Production Model	MAE (×10−4)	MAPE (%)	RMSE (×10−4)
Linear regression	83.43	18.16	96.67
Polynomials of order 2	43.32	10.13	53.09
Decision tree regression	131.54	28.52	151.26
SVR regression	208.10	46.63	221.09
Ridge regression	83.67	18.22	96.90
GM (1,1)	24.25	10.88	30.01
PGM (1,1)	24.41	9.51	36.06
WPGM (1,1)	23.36	9.48	33.88
SGM (1,1)	15.61	4.09	16.65
SPGM (1,1)	15.61	4.09	16.65
SWPGM (1,1)	12.32	3.24	13.59
SGMNN	3.25	0.89	4.98
Neural Network	16.22	4.17	19.28

.

In the comparative experiments, linear regression model, SVM regression model, decision tree regression model and neural network model are applied to predict the drift rate of the inertial platform. These models apply 20 drift rate data for training and predicted five data.

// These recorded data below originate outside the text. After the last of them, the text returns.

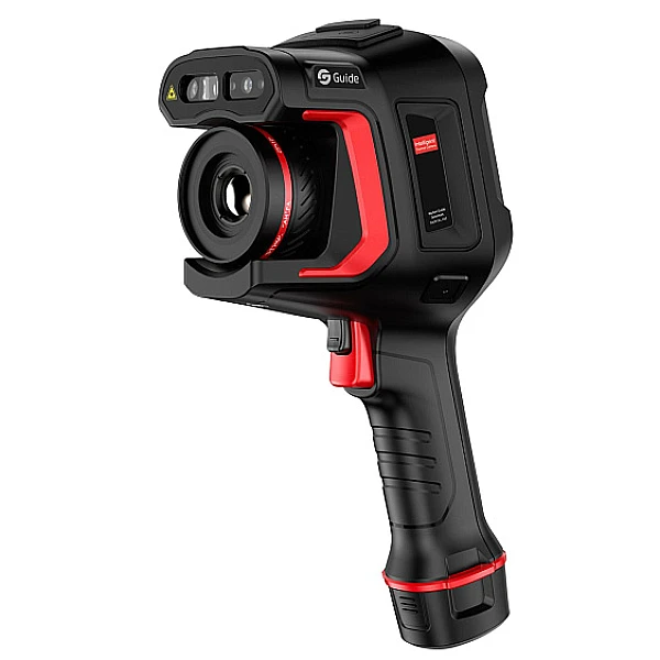Тепловизор Guide H3+ (Hammer Series) оснащён детектором с разрешением 384 x 288 пикселей и чувствительностью 45 мК, частота кадров 30Гц. Диапазон измерения температуры -40°C +150°C, 0°C +650°C с автоматическим переключением режимов работы, 5 режимов фокусировки. Опционально от 500°C до 2000°C. Тепловизор оснащён 8 мегапиксельной камерой, есть функция наложения изображений, фото с камеры видимого спектра на термограмму, в результате получается более чёткое ик-изображение за счёт прорисовки краёв объектов. В комплекте с камерой два аккумулятора, зарядки хватает на 5 часов работы. Используется в промышленности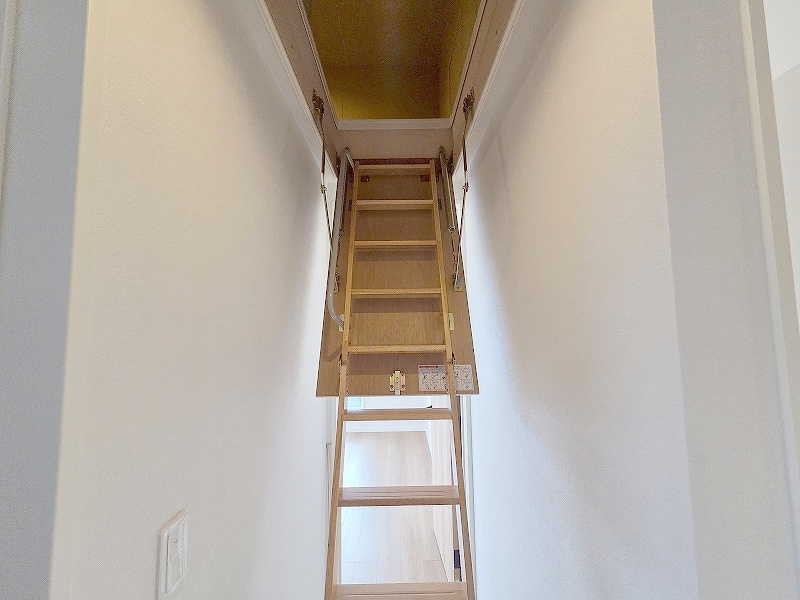 大きな屋根裏部屋はなんだかワクワクしてしまうスペース。季節物の収納など色々な用途に利用できそうな予感。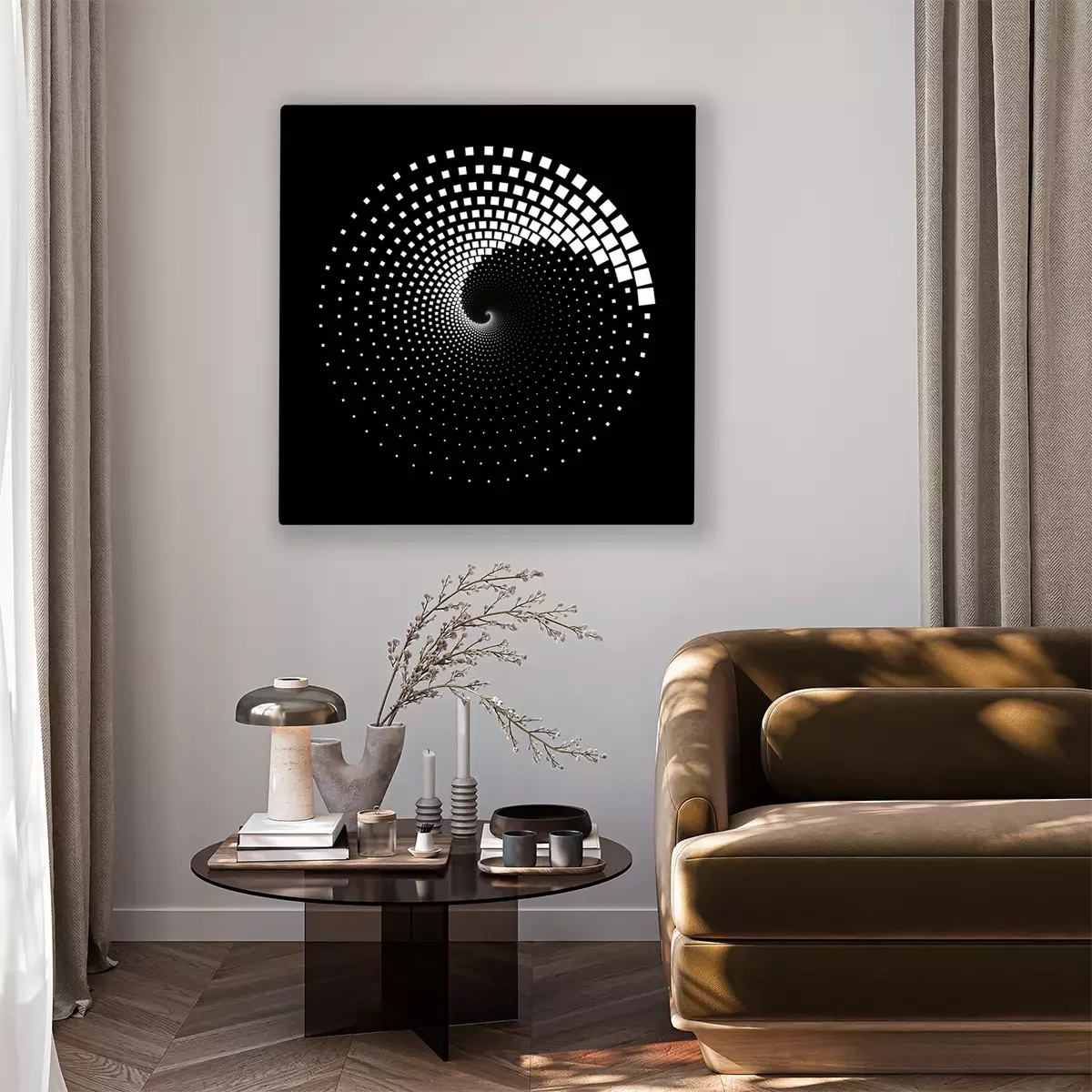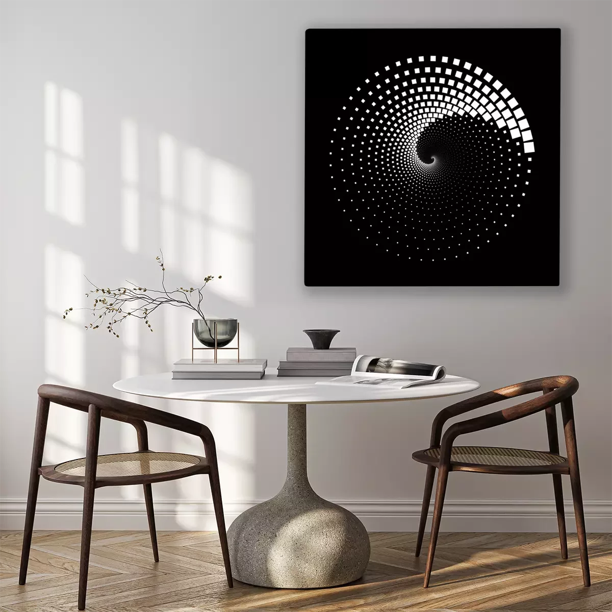 Canvas White square dotted stripes in spiral form. Geometric art. Trendy design element for frame, logo, tattoo, sign, symbol, web, prints, posters, template, pattern and abstract background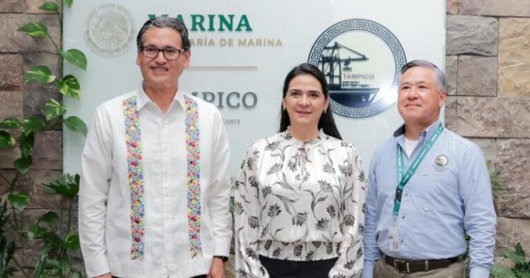 Tampico, Tamaulipas.- Con el objetivo de consolidar el desarrollo turístico de Tampico y fortalecer la seguridad en los cruces de lanchas del río Pánuco, la Presidenta Municipal, Mónica Villarreal Anaya sostuvo una reunión de trabajo con el director general de la administración del Sistema Portuario Nacional (ASIPONA), Rubén Alfonso Vargas Suárez. El encuentro, realizado en las instalaciones portuarias, contó también con la presencia del alcalde de Ciudad Madero, Erasmo González Robledo; la directora de Desarrollo Económico de Altamira, Claudia Fernández Pecero; y la gerente de Comercialización de ASIPONA, Mirna Ruby Hernández Rodríguez.

According to the errors of prediction results shown in Table 9, the prediction accuracy of the SGMNN model is better than that of the small sample prediction models and the improved GM(1,1) models.

3.4. Discussion

According to the results of error analysis, the prediction accuracy of the GM(1,1) model and the improved GM(1,1) model is better than that of regression models. Adding different sliding windows can improve the prediction accuracy of the grey models. In the prediction of inertial platform drift rate, compared with traditional prediction models and improved GM(1,1) models, the SGMNN model has the highest prediction accuracy.

4. Conclusions

The purpose of this paper is to enhance the accuracy and robustness of prediction by combining grey model and neural network based on small sample data. This is the first known application of combing improved GM(1,1) models, sliding windows and neural network. Results of the experiments indicate that the SGMNN model can improve the small sample prediction accuracy compared with that of traditional prediction methods. Compared with the prediction accuracy of linear regression models, the prediction accuracy of SGMNN model reduces MAE by 80.18 × 10⁻⁴, MAPE by 17.27% and RMSE by 91.69 × 10⁻⁴. Compared with the prediction accuracy of a neural network prediction model, the prediction accuracy of SGMNN model reduces MAE by 12.97 × 10⁻⁴, MAPE by 3.28% and RMSE by 14.3 × 10⁻⁴.

The SGMNN model proposed in this paper can improve the accuracy of drift rate prediction of inertial platform, which can effectively solve the problem of reliability and performance prediction of inertial platform. Furthermore, the SGMNN model can be applied to solve other similar small sample prediction problems.